Exercise requirements: Repeat exactly the lines of the records below, starting at the line containing "听证方案二:项目全线车辆通行" and ending at the line containing "I've walked these". Leave the pictures out.

Records for the task:

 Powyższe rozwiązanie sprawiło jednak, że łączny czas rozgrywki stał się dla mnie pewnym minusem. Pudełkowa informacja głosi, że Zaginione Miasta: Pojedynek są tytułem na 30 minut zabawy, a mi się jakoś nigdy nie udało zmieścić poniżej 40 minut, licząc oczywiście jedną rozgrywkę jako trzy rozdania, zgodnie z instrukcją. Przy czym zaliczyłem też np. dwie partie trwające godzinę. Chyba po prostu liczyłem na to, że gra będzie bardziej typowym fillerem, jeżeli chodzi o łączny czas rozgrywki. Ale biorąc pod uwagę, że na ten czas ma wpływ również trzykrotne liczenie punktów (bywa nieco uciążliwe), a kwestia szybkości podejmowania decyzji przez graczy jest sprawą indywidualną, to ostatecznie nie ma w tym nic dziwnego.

* * *

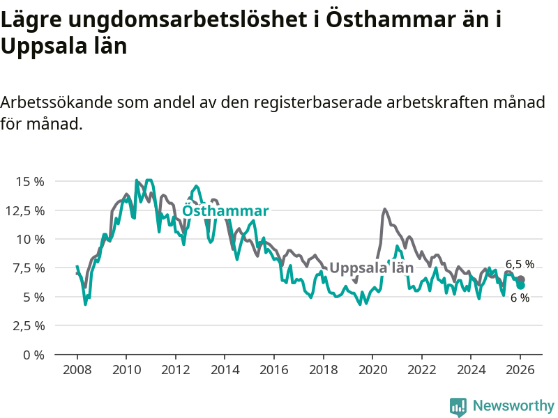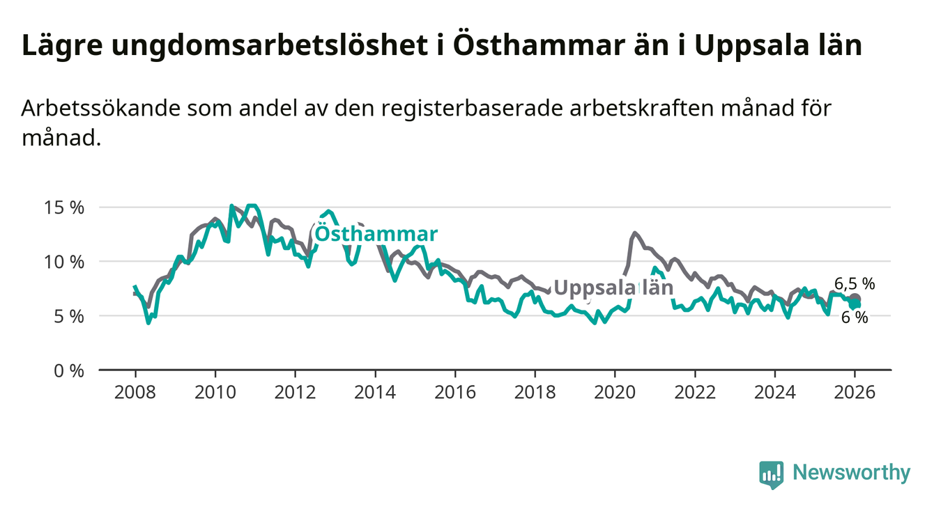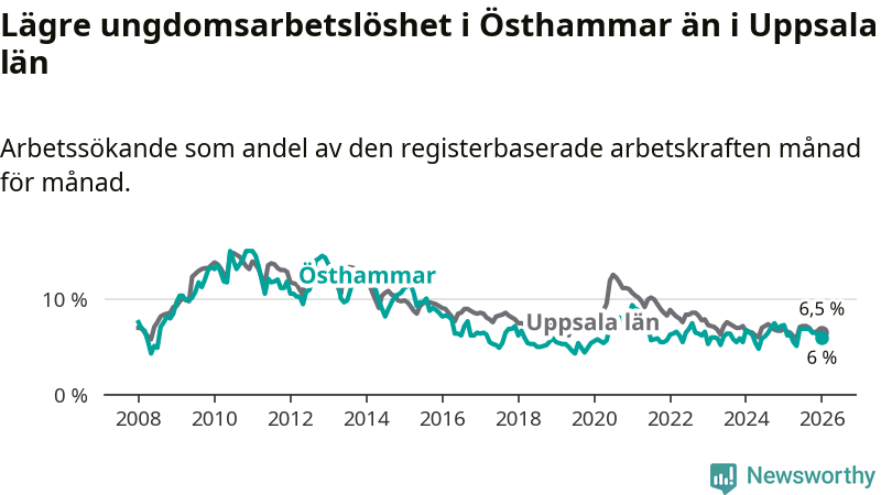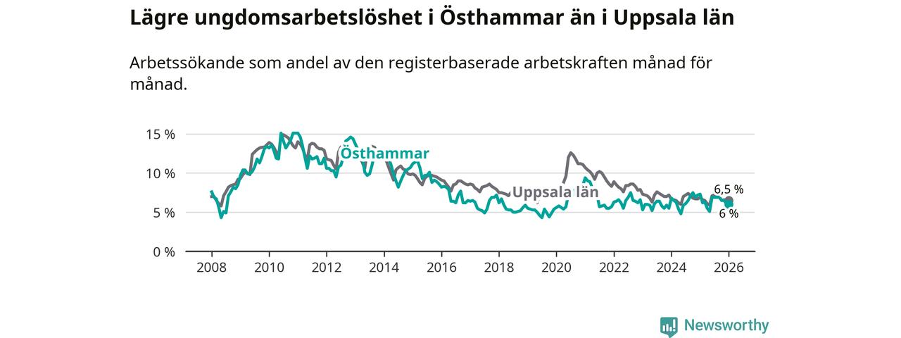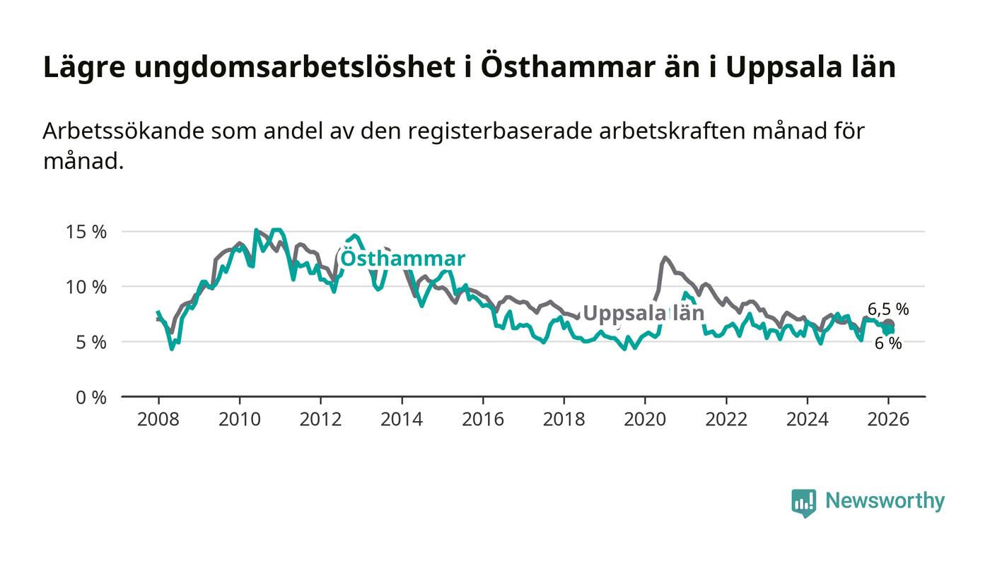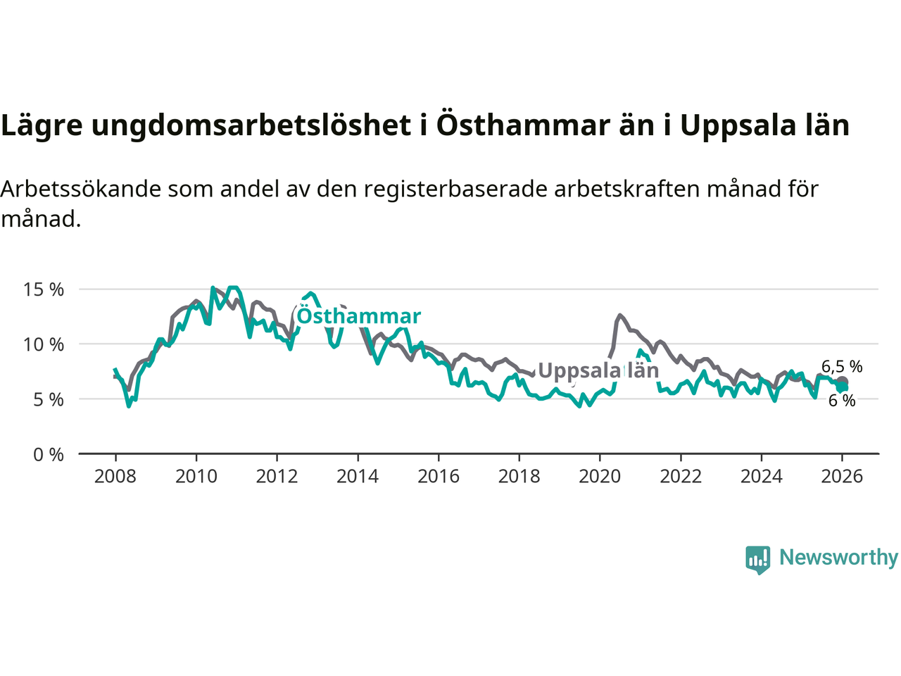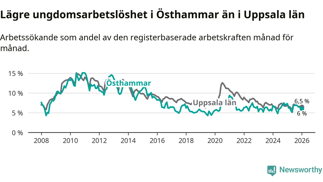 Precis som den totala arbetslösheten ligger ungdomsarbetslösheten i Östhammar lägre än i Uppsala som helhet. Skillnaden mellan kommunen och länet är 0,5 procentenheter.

* * *

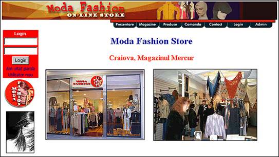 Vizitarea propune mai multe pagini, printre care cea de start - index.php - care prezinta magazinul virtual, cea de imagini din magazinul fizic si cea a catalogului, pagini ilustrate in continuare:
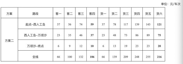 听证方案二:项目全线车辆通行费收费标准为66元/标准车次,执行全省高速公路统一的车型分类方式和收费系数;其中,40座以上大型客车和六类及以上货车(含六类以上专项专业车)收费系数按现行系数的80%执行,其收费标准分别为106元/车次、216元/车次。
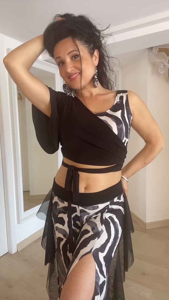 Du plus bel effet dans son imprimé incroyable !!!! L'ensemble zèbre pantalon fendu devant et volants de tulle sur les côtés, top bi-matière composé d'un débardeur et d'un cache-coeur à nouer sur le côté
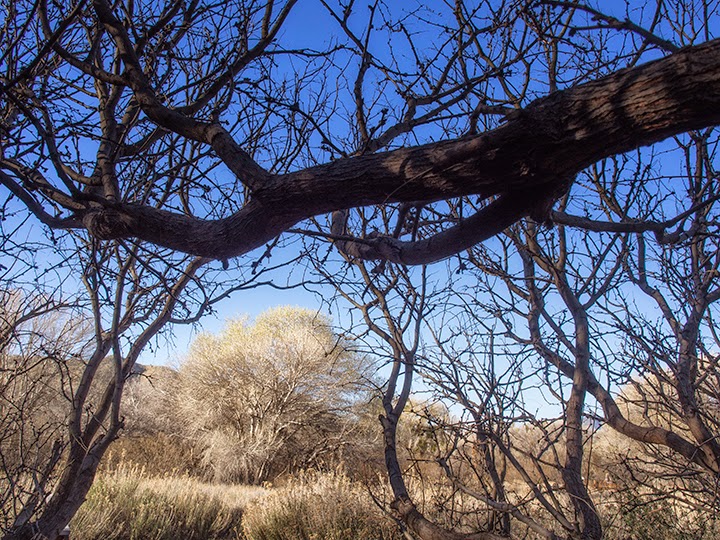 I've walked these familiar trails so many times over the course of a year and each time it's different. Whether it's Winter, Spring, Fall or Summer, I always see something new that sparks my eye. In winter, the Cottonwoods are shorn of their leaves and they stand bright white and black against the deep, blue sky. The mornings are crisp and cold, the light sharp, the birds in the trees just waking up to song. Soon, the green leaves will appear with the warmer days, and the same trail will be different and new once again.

Answer space:
 听证方案二:项目全线车辆通行费收费标准为66元/标准车次,执行全省高速公路统一的车型分类方式和收费系数;其中,40座以上大型客车和六类及以上货车(含六类以上专项专业车)收费系数按现行系数的80%执行,其收费标准分别为106元/车次、216元/车次。
 Du plus bel effet dans son imprimé incroyable !!!! L'ensemble zèbre pantalon fendu devant et volants de tulle sur les côtés, top bi-matière composé d'un débardeur et d'un cache-coeur à nouer sur le côté
 I've walked these familiar trails so many times over the course of a year and each time it's different. Whether it's Winter, Spring, Fall or Summer, I always see something new that sparks my eye. In winter, the Cottonwoods are shorn of their leaves and they stand bright white and black against the deep, blue sky. The mornings are crisp and cold, the light sharp, the birds in the trees just waking up to song. Soon, the green leaves will appear with the warmer days, and the same trail will be different and new once again.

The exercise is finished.